If there are two shares in circulation, then why isn't that reflected in market cap? No, there is still one share. What happens when you loan out a share is that you own but don't possess it anymore. Just like renting out a book to a good friend. There are not suddenly two books now. There is still one book. You own it, your friend possesses it.
Market cap is based on outstanding shares, rather than shares in circulation.
What do you call a good friend who sells the book you rented to him? What good friend calls
you if before renting him a book you insist on cash collateral in the amount
greater than value of the book?
Seriously, though, the reason that there is only one book is because you can't sell the book that you lent to your good friend. Your good friend can't sell a book rented from you neither. So analogy does not work.
I hold shares of TSLA in margin account at Fidelity. Fidelity is free to lend all my shares to a short seller, who sells them to a third party. I can sell my shares. The third party can sell shares bought from the short seller as well. Short selling increased shares in circulation (regardless whether I sell shares that Fidelity lent or not). That is why short selling increases liquidity.
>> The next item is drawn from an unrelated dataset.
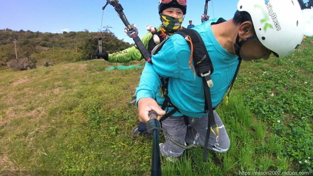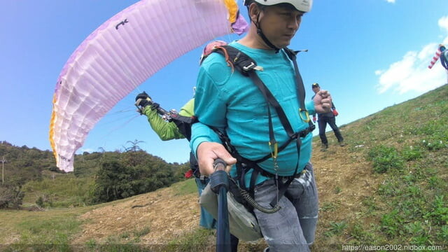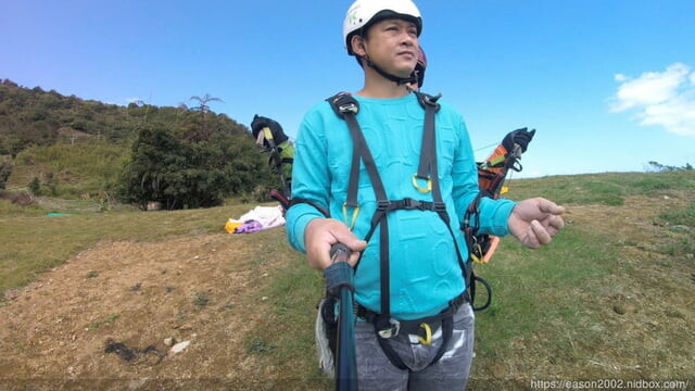 第一次體驗飛行傘,我跟老公都好開心,回來的每一張照片,都有小故事,老公說著:一開始要背飛行傘助跑起飛,笑著說,我們看到電視裡面女明星軟腳會怕就是這裡,飛行傘有點重量,需要花費一些體力,老公說還好平常工作都有在消耗體力,所以身體還不錯,跑起來不會太過吃力。
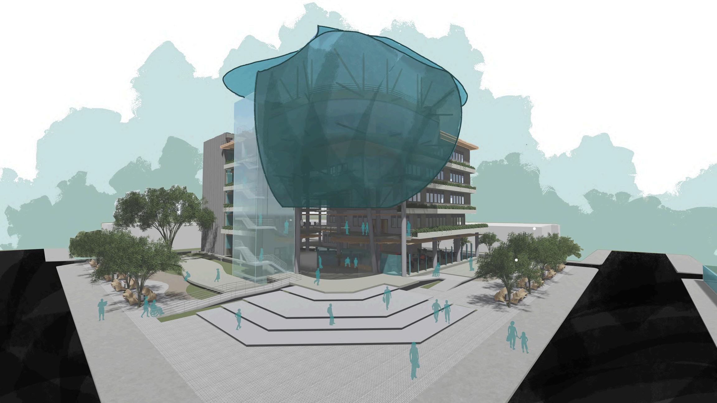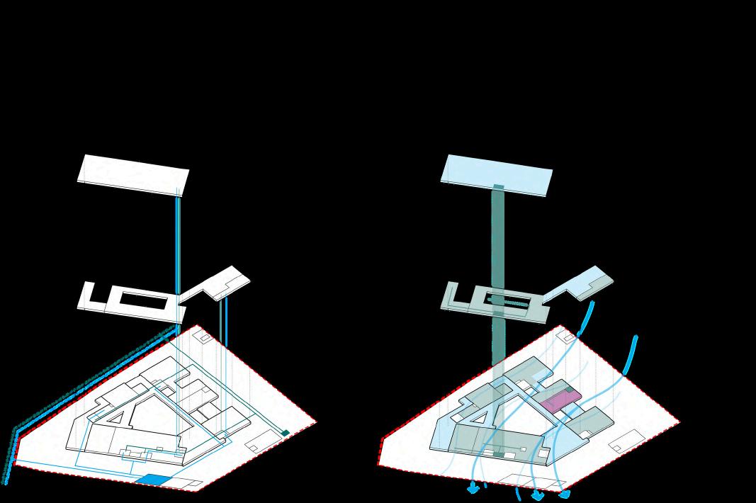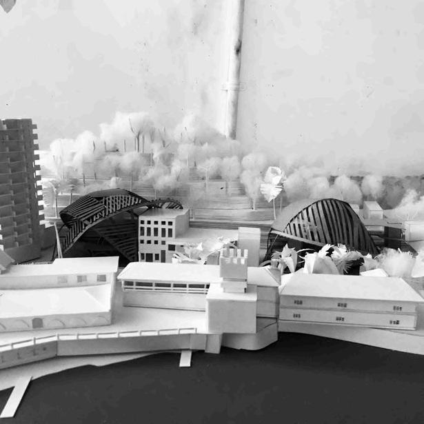 The images were then reconfigured into various iterations to create a threedimensional volume which was carved out and then modelled to give the concept depth and dimension and then applied to the site

Welcome to the virtual reality.
I have a puzzler (all numbers at the end of Q2):
There are 148.7M outstanding TSLA shares.
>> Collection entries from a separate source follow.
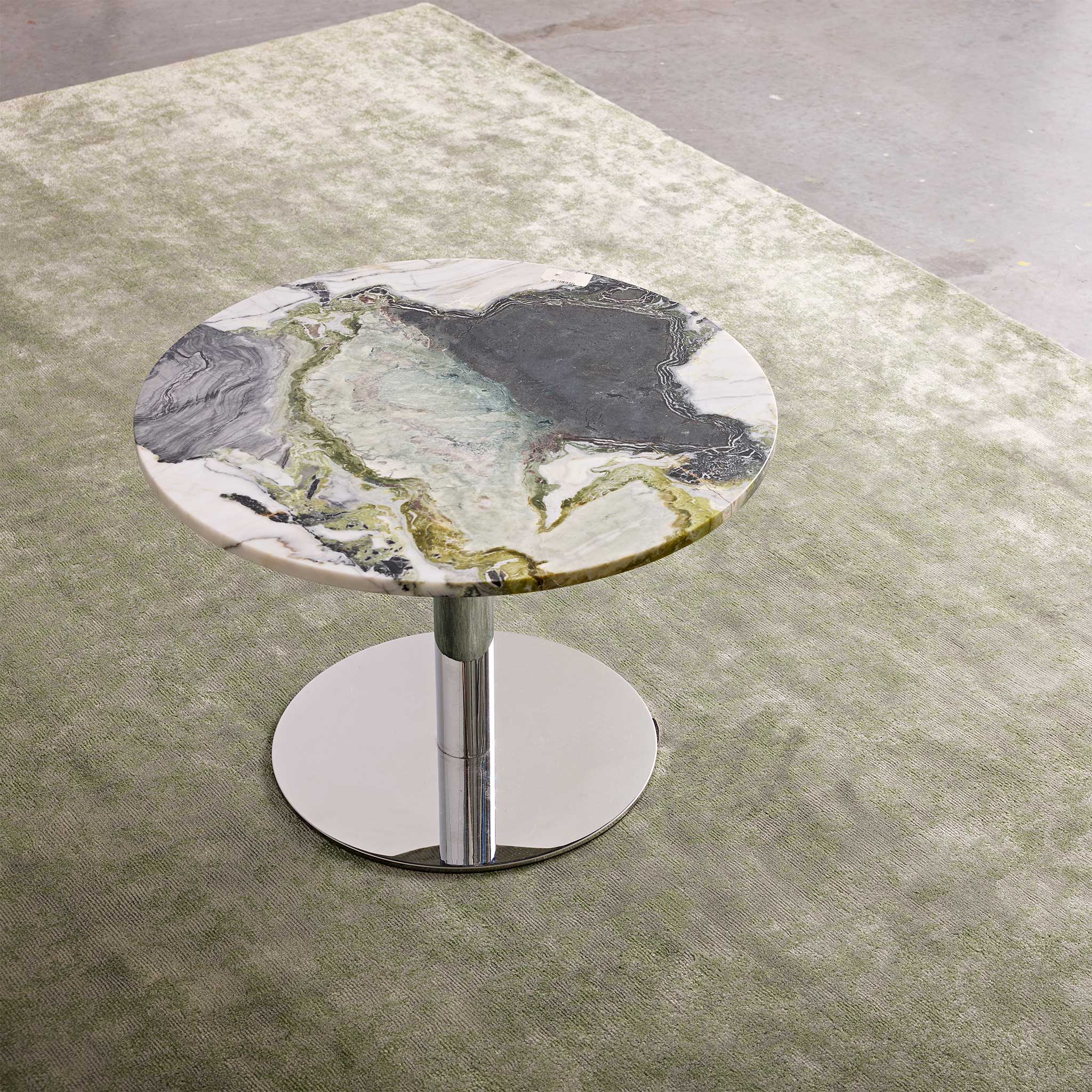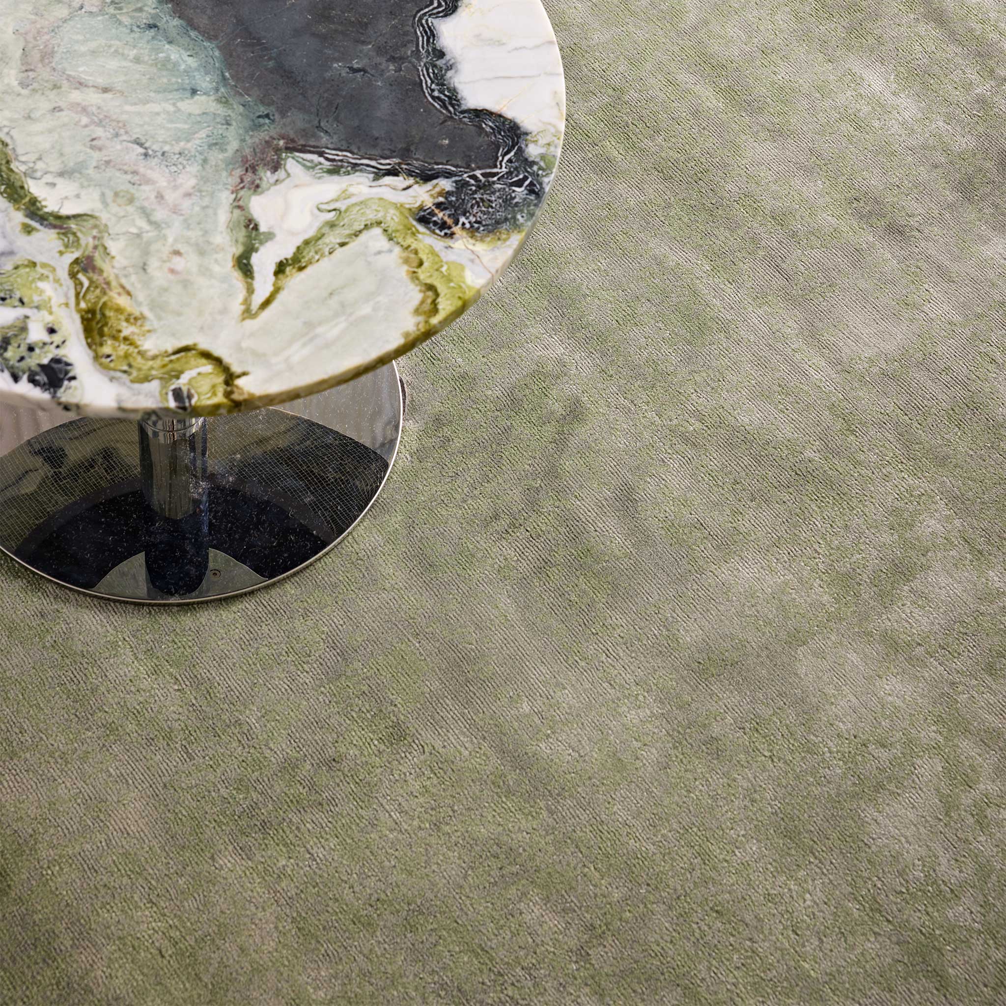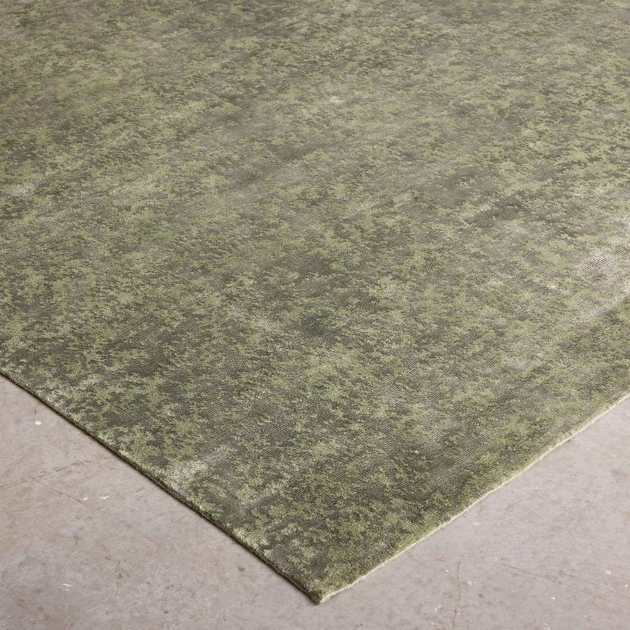 Hand knotted in nettle & artsilk, this design blends pewter and sage throughout the pattern to create a shimmering dappled design.
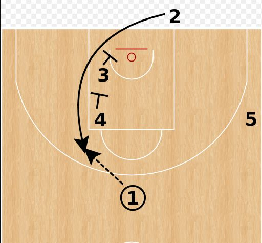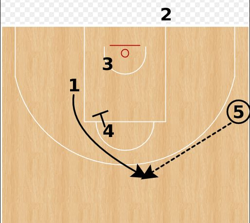 4号位为1号位做一个下掩护,1号位摆脱防守后来到弧顶接球。然后3号位来到左侧低位。
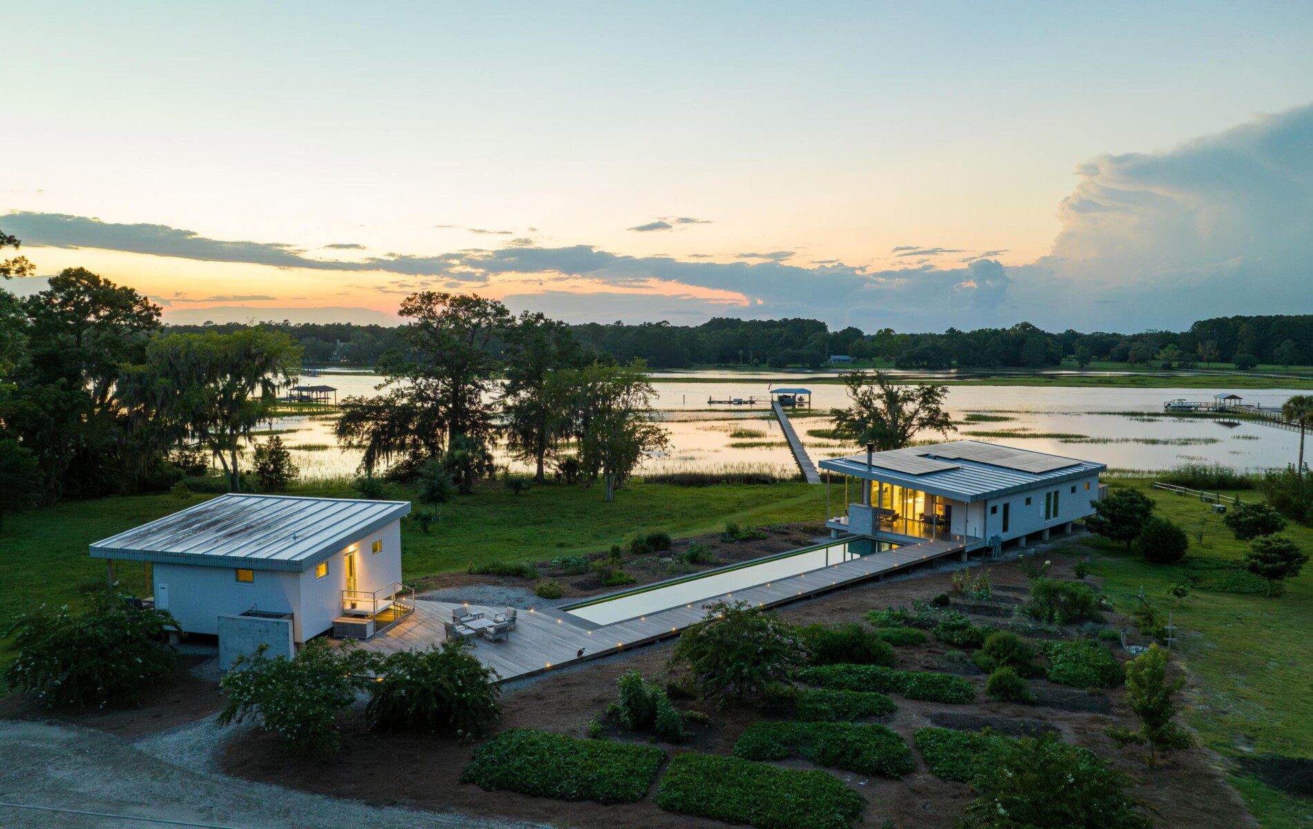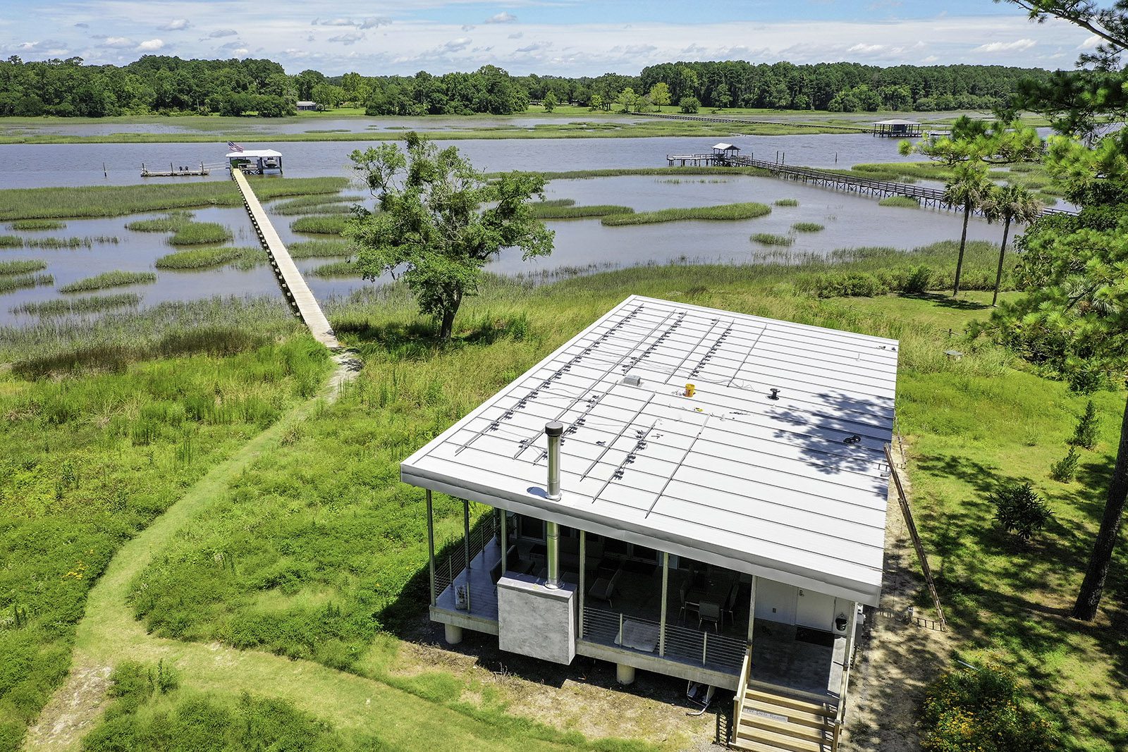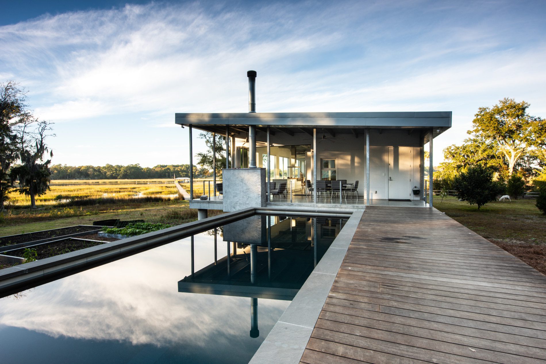 Main House, Guest House + Garage in Charleston, South Carolina on the Waterfront near Kiawah Island. FEMA Flood Zone + Hurricane Rated Custom Home With a growing family, our client reached out to EcoSteel to build a custom prefabricated home that was designed with non-traditional building materials. With the help of Woollen Studios, EcoSteel created an all steel home that…

There are 100.5M institutional shares (per Nasdaq page)
There are 31.1M shares owned by Elon.
There are 31M shares sold short
Neglecting shares owned by other insiders, how many shares are held by others (retail)?
A. 148.7 - 100.5 - 31.1 = 17.1
B. 148.7 + 31 - 100.5 - 31.1 = 48.1
P.S. This is very good discussion, but just to maintain it's quality, can we agree not to use word "No"?